ZFS On Debian or MDadm SoftRaid ? stability, and reliability of ZFS

The first thing that comes to my mind when talking about md/dm raid is this: The default caching mode for VMs we use is none, that is, the VMs will access disks with the O_DIRECT flag. The MD/DM raid implementations, for this case, will simply forward a pointer to the memory region to each individual block device, and each of those will copy the data from memory separately. If a 2nd thread is currently writing to that data, the underlying disks will sooner or later write different data, immediately corrupting the raid.[1]
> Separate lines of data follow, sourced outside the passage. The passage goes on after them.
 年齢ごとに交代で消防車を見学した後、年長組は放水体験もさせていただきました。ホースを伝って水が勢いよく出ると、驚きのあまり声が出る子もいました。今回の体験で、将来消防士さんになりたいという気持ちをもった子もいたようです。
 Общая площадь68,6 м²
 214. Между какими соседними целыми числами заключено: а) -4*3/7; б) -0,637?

In [1] I also mentioned a real case where this can happen: An in-progress write to swap happening for memory that is simultaneously freed, therefore the swap entry is already discarded while the disk I/O still happening, causing the raid to be degraded.
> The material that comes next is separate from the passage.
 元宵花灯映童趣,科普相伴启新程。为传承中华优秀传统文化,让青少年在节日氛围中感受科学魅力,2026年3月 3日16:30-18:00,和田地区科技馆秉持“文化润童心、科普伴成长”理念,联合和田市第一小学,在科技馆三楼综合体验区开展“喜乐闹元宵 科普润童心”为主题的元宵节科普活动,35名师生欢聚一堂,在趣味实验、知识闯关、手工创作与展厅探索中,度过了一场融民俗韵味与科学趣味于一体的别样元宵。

Ideally the kernel would just ignore O_DIRECT here, since it is in fact documented as *trying* to minimize cache effects... not forcibly skipping caches consistency be damned, completely disregarding the one job that for example a RAID1 has: actually writing the *same* data on both disks...

And yes, writing data which is being modified *normally* means you need to expect garbage on disk. However, the point of a RAID is to at least have the *same* garbage on *both* disks, not give userspace a trivial way to degrade the thing.
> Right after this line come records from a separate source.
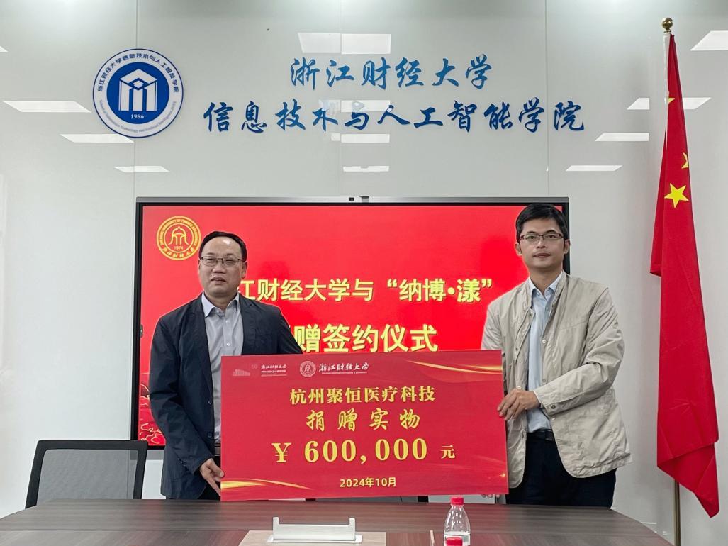 10月24日,学校与杭州聚恒医疗科技有限公司举行“纳博·漾”捐赠签约仪式。校党委委员、组织部部长、统战部部长申屠莉,杭州聚恒投资有限公司董事长、1996届校友陈三春,杭州聚恒医疗科技有限公司总经理毛菁华等出席仪式。
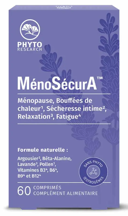 MénoSécurA est un complément alimentaire du laboratoire Phytoresearch recommandé au cours de la ménopause, pour les bouffées de chaleur, la sécheresse intime, la relaxation et en cas de fatigue.
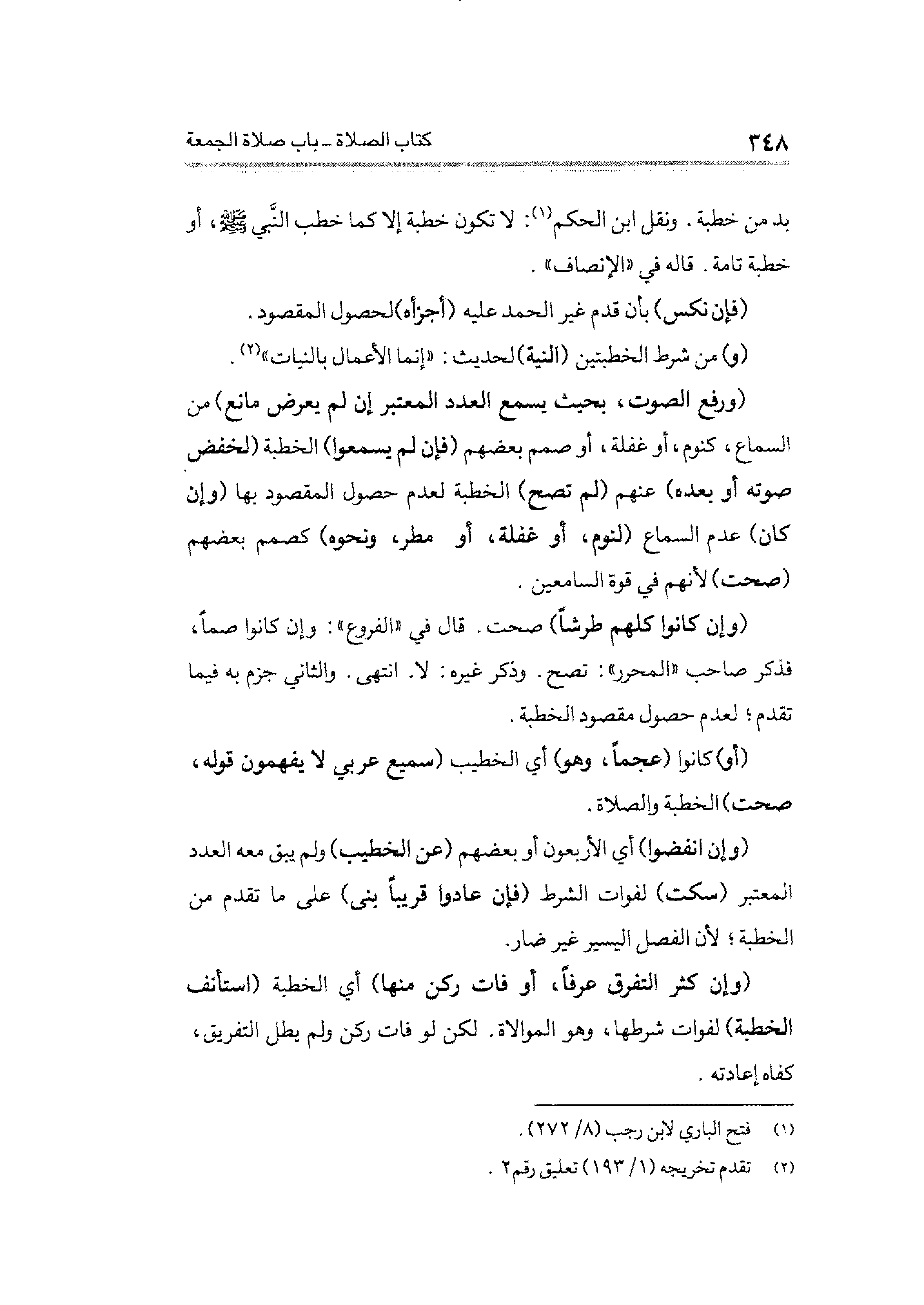 (ورفع الصوت، بحيث يسمع العدد المعتبر إن لم يعرض مانع) من السماع، كنوم، أو غفلة، أو صمم بعضهم (فإن لم يسمعوا) الخطبة (لخفض صوته أو بعده) عنهم (لم تصح) الخطبة لعدم حصول المقصود بها (وإن كان) عدم السماع (لنوم، أو غفلة، أو مطر، ونحوه) كصمم بعضهم (صحت) لأنهم في قوة السامعين.
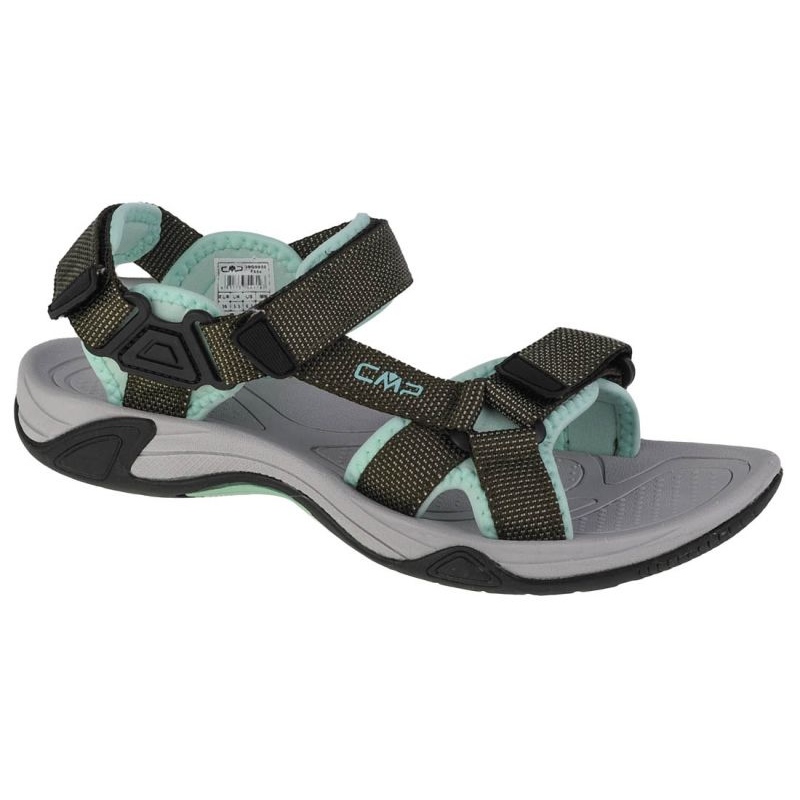 Sandals CMP Hamal WMN túrázás szandál 38q9956-f854-nők, zöld és fekete sportszandálok, kombinálva a mindennapi használat kényelmét a kültéri funkciókkal. A könnyű kialakítás, az állítható tépőzáras csíkok és a habbetétek még hosszabb kopás közben is biztosítják a kényelmet, és a gumi talp garantálja a tapadást és a tartósságot.

If you take care not to use this mode, you'll be fine with it though, but you'll be utilizing some more memory.

[1] https://bugzilla.kernel.org/show_bug.cgi?id=99171
@wbumiller:
What cache mode would be recommended if "none" isn't an option with mdadm raid? "Writeback" because writes are cached? What about "writethrough"?
And what about LXCs where I can't choose any cache mode?
Would like to run my Zabbix LXC on top of LVM-Thin on top LUKS encrypted mdadm raid1. Looks like it is working fine so far, but if that might kill the raid then I would need to think about skipping the raid1 and using just LVM-Thin on a single partition. But I really like that redundancy.
ZFS isn`t an option here, all other guests use it, but ZFS will wear the SSDs 3 times faster compared to LVM-Thin and the Zabbix will spam the MySQL DB with millions of metrics that will wear the SSD by hundreds of GBs per day...
 
Last edited:
@wbumiller:
What cache mode would be recommended if "none" isn't an option with mdadm raid? "Writeback" because writes are cached? What about "writethrough"?
And what about LXCs where I can't choose any cache mode?
Would like to run my Zabbix LXC on top of LVM-Thin on top LUKS encrypted mdadm raid1. Looks like it is working fine so far, but if that might kill the raid then I would need to think about skipping the raid1 and using just LVM-Thin on a single partition. But I really like that redundancy.
ZFS isn`t an option here, all other guests use it, but ZFS will wear the SSDs 3 times faster compared to LVM-Thin and the Zabbix will spam the MySQL DB with millions of metrics that will wear the SSD by hundreds of GBs per day...

@Dunuin Since your question was never answered, I think you deserve at least this pointer:
https://forum.proxmox.com/threads/proxmox-4-4-virtio_scsi-regression.31471/page-3#post-711588

This was the earliest instance where I managed to locate mention of the same. And going down the rabbithole, it's not reproducible for me.